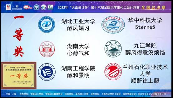 The 16th National College Students Chemical Design Competition of Tianzheng Design Cup was co-sponsored by CIESC Professional Committees, Ministry of Education and China Education Association of Chemical Industry, and hosted by East China University of Science and Technology. Due to the requirements of epidemic prevention and control, the competition was held online. At the final scene, our school competed with 60 teams from Zhejiang University, Central South University, Xiamen University and Hunan University. After fierce competition, the Chun He Jing Ming team of our school won the first prize in the national finals.
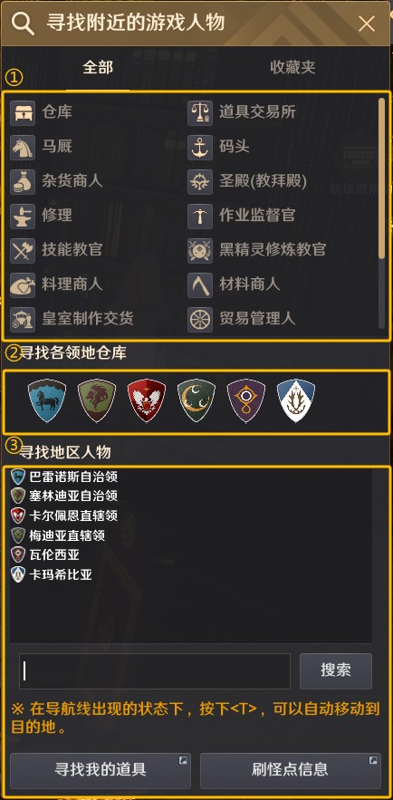 ▲ 可以寻找附近的NPC中,具有该功能的NPC。
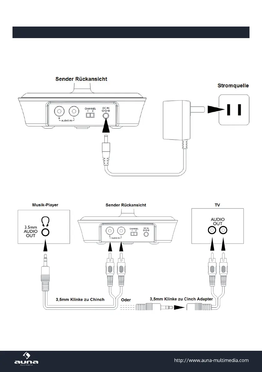 • The transmitter can be connected to audio output jack of TV, Monitor, VCR, Radio, CD, MP3/iPod, VCD
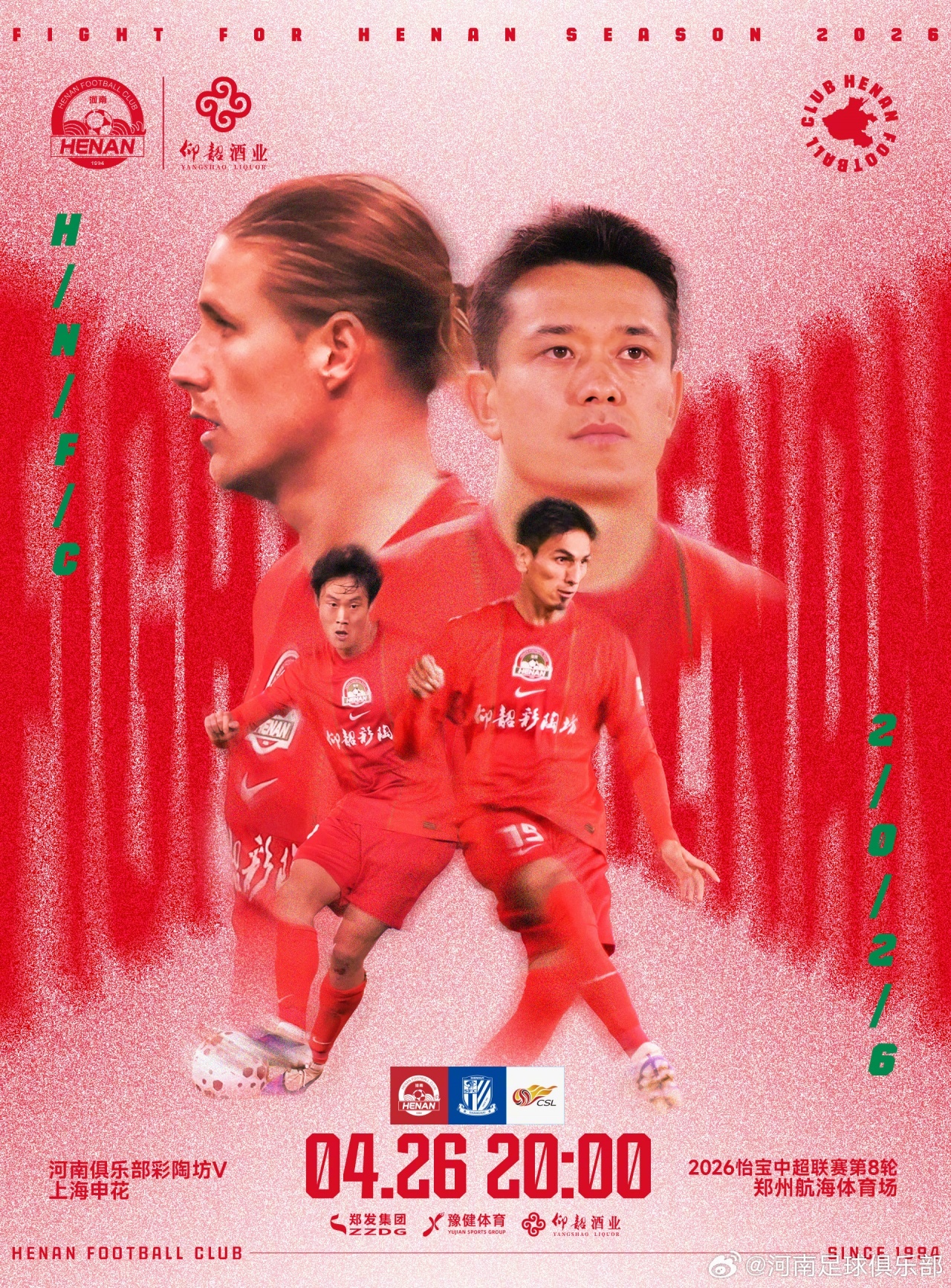 北京时间20点,中超第8轮,河南队vs上海申花,赛前双方首发公布!
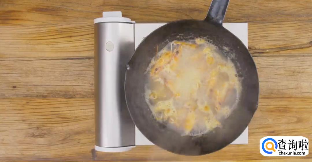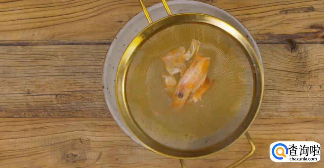 加适量的水煮开,煮沸后滤出虾头和虾壳。
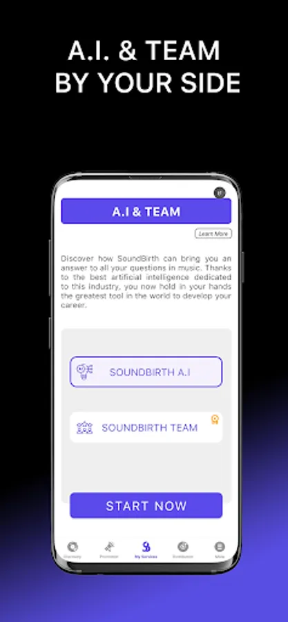 Access to a team of professionals ready to take care of you at anytime and meet SoundBirth A.I., the best music AI that's entirely dedicated to you & your music career.
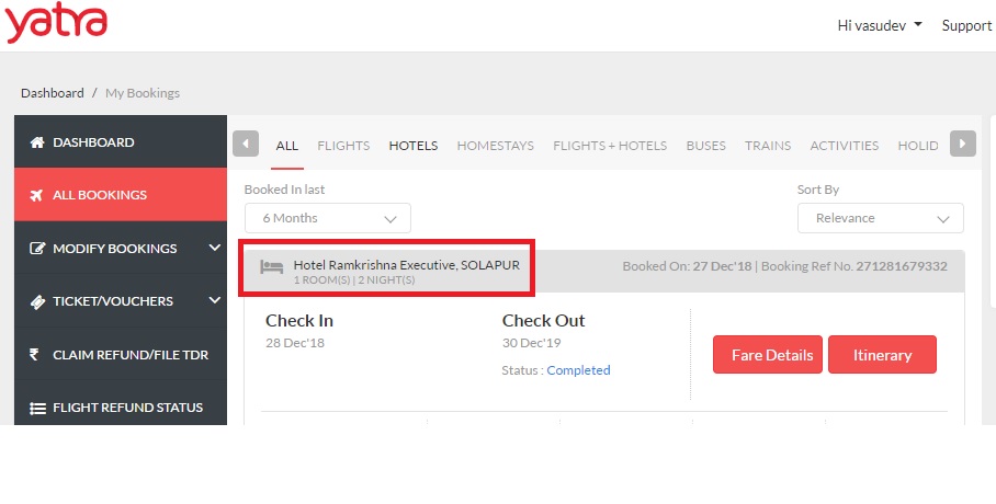 Wo days before, I have used yatra.com to make a hotel booking in Solapur for my cousin and that was my worst experience as online booking. The booking ID is: 271281679332

**Problem to solve:** Retype the records exactly, but skip the pictures.

**Solution:**
 The 16th National College Students Chemical Design Competition of Tianzheng Design Cup was co-sponsored by CIESC Professional Committees, Ministry of Education and China Education Association of Chemical Industry, and hosted by East China University of Science and Technology. Due to the requirements of epidemic prevention and control, the competition was held online. At the final scene, our school competed with 60 teams from Zhejiang University, Central South University, Xiamen University and Hunan University. After fierce competition, the Chun He Jing Ming team of our school won the first prize in the national finals.
 ▲ 可以寻找附近的NPC中,具有该功能的NPC。
 • The transmitter can be connected to audio output jack of TV, Monitor, VCR, Radio, CD, MP3/iPod, VCD
 北京时间20点,中超第8轮,河南队vs上海申花,赛前双方首发公布!
 加适量的水煮开,煮沸后滤出虾头和虾壳。
 Access to a team of professionals ready to take care of you at anytime and meet SoundBirth A.I., the best music AI that's entirely dedicated to you & your music career.
 Wo days before, I have used yatra.com to make a hotel booking in Solapur for my cousin and that was my worst experience as online booking. The booking ID is: 271281679332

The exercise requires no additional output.